• [Given data]:
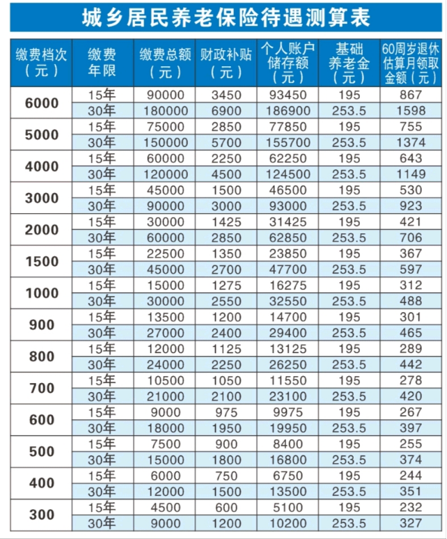 注:基礎(chǔ)養(yǎng)老金標(biāo)準(zhǔn)根據(jù)政策適時調(diào)整,個賬養(yǎng)老金啟領(lǐng)待遇后不再變更;中斷補繳的年度不享受政府補貼。
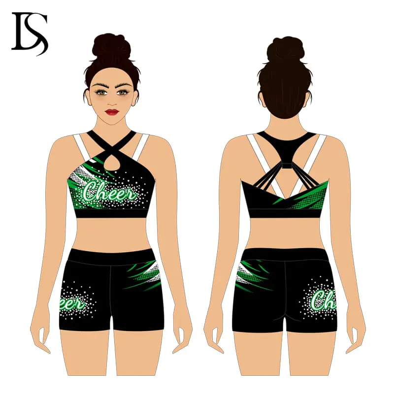 “Custom color, design , fabric , logo process for your cheer practice wear . Low MOQ, professional designer and team service for you .Available sample free provide .
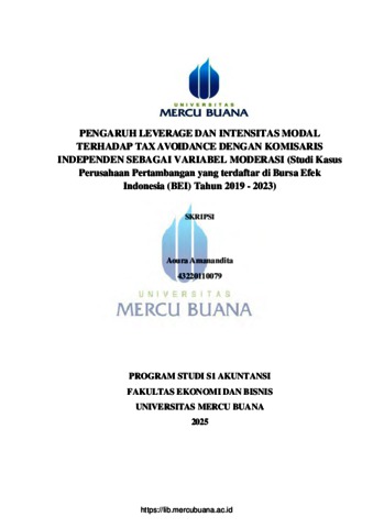 AMANANDITA, AOURA (2025) PENGARUH LEVERAGE DAN INTENSITAS MODAL TERHADAP TAX AVOIDANCE DENGAN KOMISARIS INDEPENDEN SEBAGAI VARIABEL MODERASI (Studi Kasus Perusahaan Pertambangan yang terdaftar di Bursa Efek Indonesia (BEI) Tahun 2019 - 2023). S1 thesis, Universitas Mercu Buana.
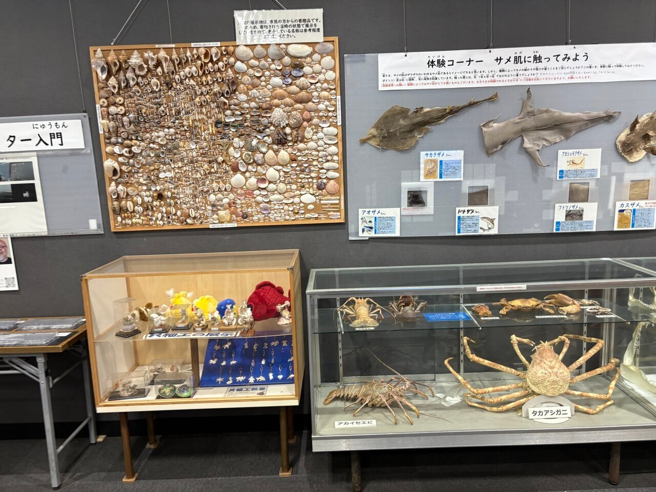 Inside, there's also an interactive area where you can learn by touch. By actually touching the rough texture of a shark's skin or observing a gigantic Japanese spider crab and colorful seashells up close, both children and adults alike became completely engrossed.
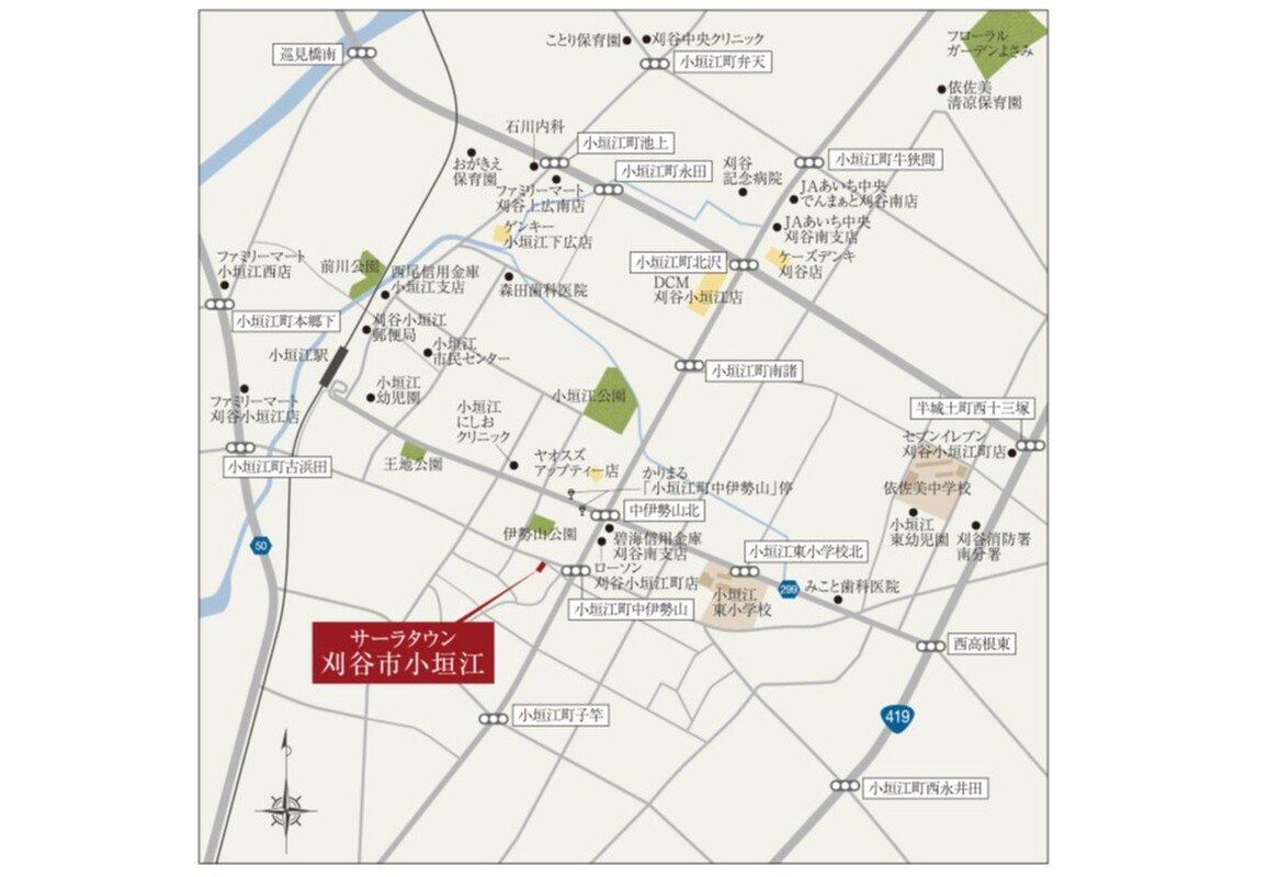 名鉄三河線「小垣江」駅 徒歩13分 刈谷市コミュニティバスかりまる「小垣江中伊勢山停」(東) 徒歩4分 |

• [Task]:
Quote, please, only the lines running from the one with "Inside, there's also" down to the final line of the data above, keeping both ends and skipping the pictures.

• [Solved problem]:
 Inside, there's also an interactive area where you can learn by touch. By actually touching the rough texture of a shark's skin or observing a gigantic Japanese spider crab and colorful seashells up close, both children and adults alike became completely engrossed.
 名鉄三河線「小垣江」駅 徒歩13分 刈谷市コミュニティバスかりまる「小垣江中伊勢山停」(東) 徒歩4分 |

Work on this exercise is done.